Um barulho alto assusta os dois.


Seu Enoc

— O que foi isso?!


Seu Zé 

— Se acalme homi, é só um pássaro.


Seu Enoc

— O'cê deve ter razão! Á noite todos os gatos são pardos, né?!


Seu Zé 

— Pelo barulho deve ser a mãe lua.


Seu Enoc

— Um sabiá que não é!


Seu Zé 

— Com certeza é um urutau!


Seu Enoc

— Que Deus te ouça!


Belezas daqui


Seu Zé

— Visse o que aquela cenoura americana falou?!


Seu Enoc

— Vi nada, o que aquele palerma disse?

Seu Zé

— Disse que não quer ninguém dos lugares pobres entrando lá.


Seu Enoc

— Hahaha!! Como assim? Quem que quer ir praquele lugar horrivel?


Seu Zé

— Iiii! O pior que tem gente que é doida pra ir praaquilo!


Seu Enoc

— Fazer uque lá? Não tem uma praia que preste, não tem uma cachoeira, não tem uma morena e nem tem jogo do bicho!


Seu Zé

— E o mais importante, não tem cachaça!


O duro no baile


Seu Zé

— Um homi liso, ele é meio difunto e meio homi.


Seu Enoc

— É mermo?


Seu Zé

— Te dou a minha verdade, uma vez fui num baile arretado de barato, tinha de tudo, comida, bebida, tudo tudo, mas eu não fiz nada, fiquei babando no dedo.


Seu Enoc

— Mas purque o homi liso é igual defunto?


Seu Zé

— Por que o cabra duro vai num baile desse e vai imbora cedo da festa achando que a festa de nada prestava, mas quem não prestava era eu.

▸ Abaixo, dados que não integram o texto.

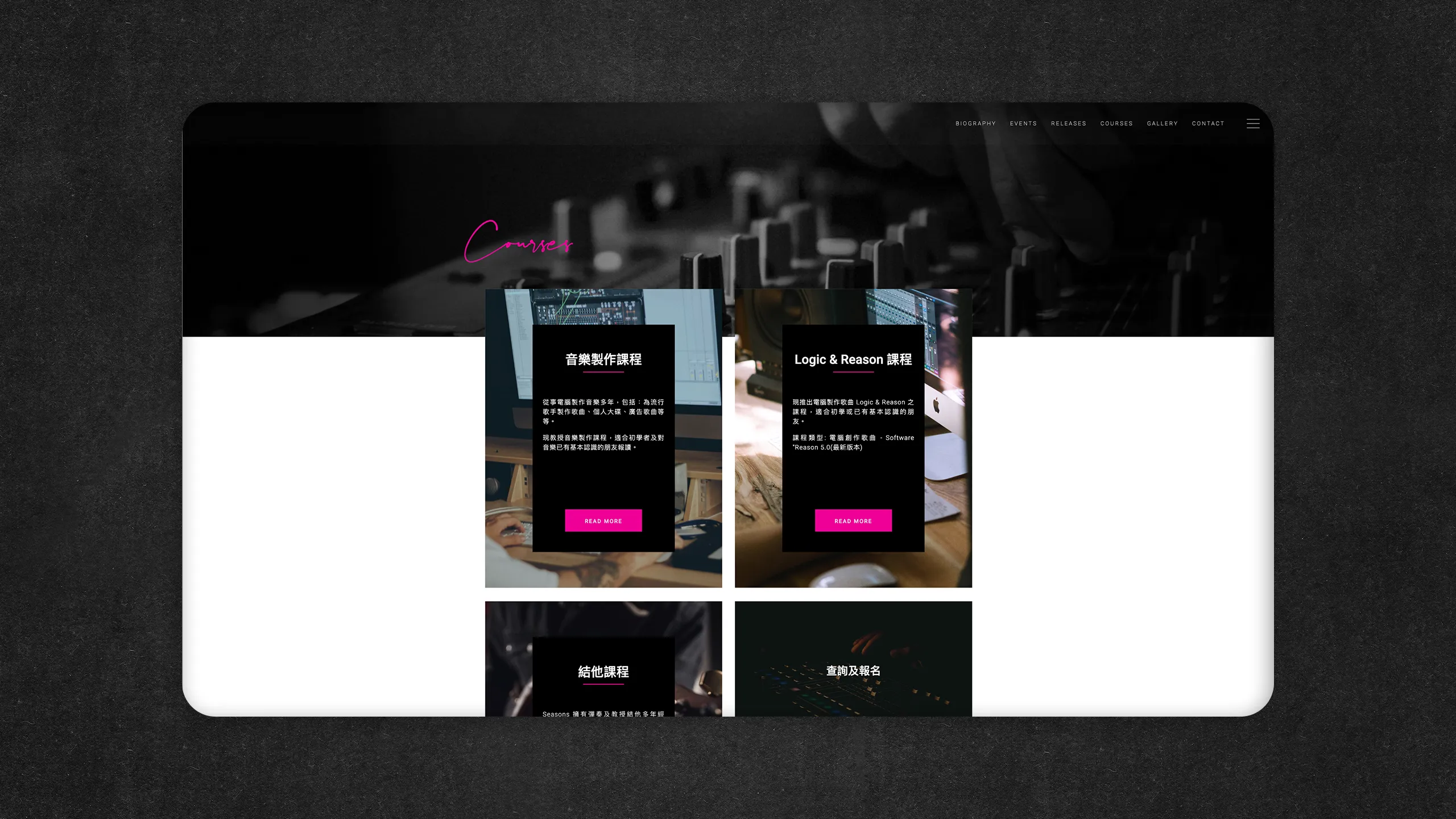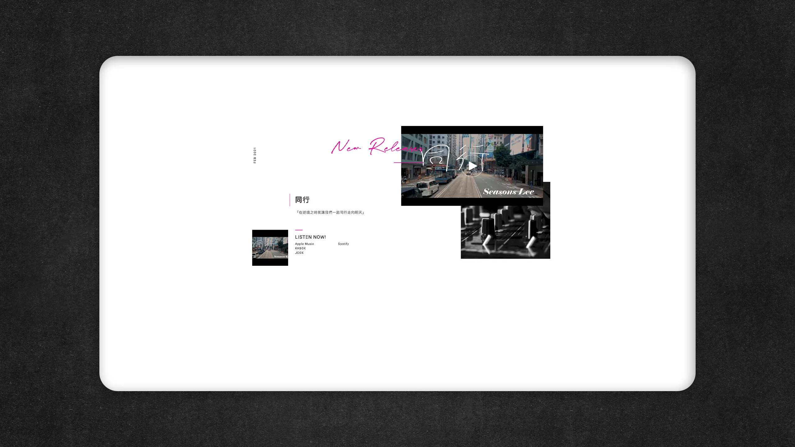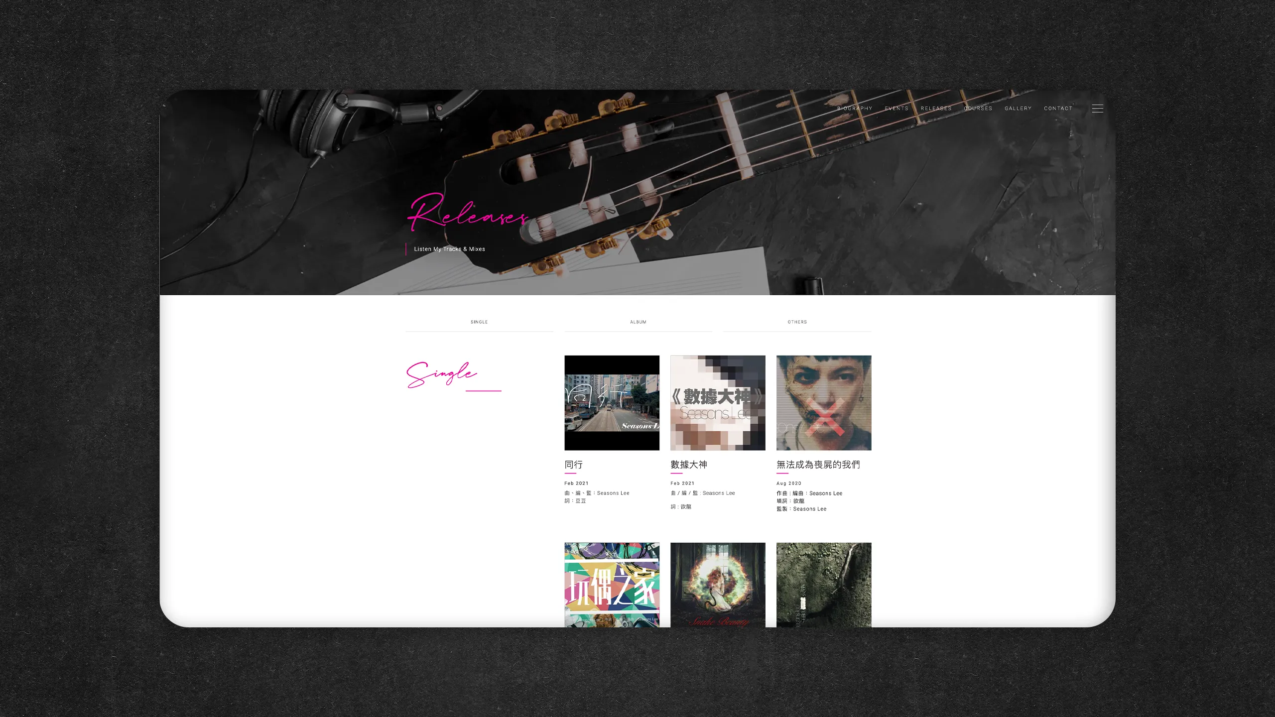 The result is a captivating homepage that immediately immerses visitors in Seasons Lee's world. As they arrive, they are greeted by a carefully curated background music composition that sets the tone for the entire experience. The music seamlessly integrates with the website, ensuring a cohesive and harmonious interaction, whether on desktop or mobile devices.

Homi duro é igual carro sem farol!


Seu Enoc

— Zé, acho que ocê anda muito com Drogo, essas suas frases tão perdendo o sentido!


Seu Zé

— Sai pra lá homi veio! Faz é muito sentido sim, e mesmo que não fizesse, eu tenho razão, Homi duro é triste!


O dia de rezar a missa 


Seu Zé sussurra

— Enoc, meu bom, sabia que o padre bebe?


Seu Enoc mantendo o tom

— E o que tu tem com isso rapaz! Tu bebe também!

 

Seu Zé

— É verdade, nuentanto eu não sou padre!


Seu Enoc

— E o que isso tem haver meu filho? O padre é um cabra sabido, ele sabe das coisa de Deus!


Seu Zé

— È verdade, e se Deus ligasse pra beber, nois dois ia ralar as bunda na pedra descendo pro colo do sete pele! HAHAHA


Com a risada alta de Seu Zé todos da igreja faz em uníssono

—SHISHIIIIII 


Fi do Boto


Depois de muito andar, Seu Enoc e Seu Zé sentaram-se a beira de um enorme lago e começaram a bater papo.


Seu Enoc

— Oh Zé! Sabia que eu sou fi do boto?!

Seu Zé

— Fi di quem? Que estoria é essa Enoc?


Seu Enoc

— Isso mermo que seus orelham escutaram! Sou fi do boto! Boto cor de rosa, aquele da lenda!


Seu Zé

— Que lenda o que rapaz! Teu pai era aquele cachaceiro que tua mãe não se largava!


Seu Enoc

— Claro que não Zé, deixa de conversa! Minha mãe sempre me diz que eu era fi do boto! Quem sou eu pra discordar de mainha?


Seu Zé

—- Que Deus a tenha meu amigo, mas tu não é fio de boto coisa alguma! Tu é fio do General Lozó! Aquele homem tinha a peste, acabou com tanto casamento!


Seu Enoc

— Eu sou fio de Tio Lozó?! Impossivel, tio Lozó so vinha me ver as vez, se o caba fosse meu pai, ele ia me ver o tempo todo!


Seu Zé

— Mas escuta o que te digo rapaz! General Lozó é teu pai, ele ia as vez, pra pagar tuas coisa! Ele era mulherengo que só a peste, mas era homem de palavra, como diria minha velha vó!


Seu Enoc

— Agora to encucado, como nunca pensei que Tio Lozó era meu pai, sempre achei que eu era fi do boto!


Seu Zé

— Esquece essa coisa de boto! Boto é peixe, peixe só tem filho peixe!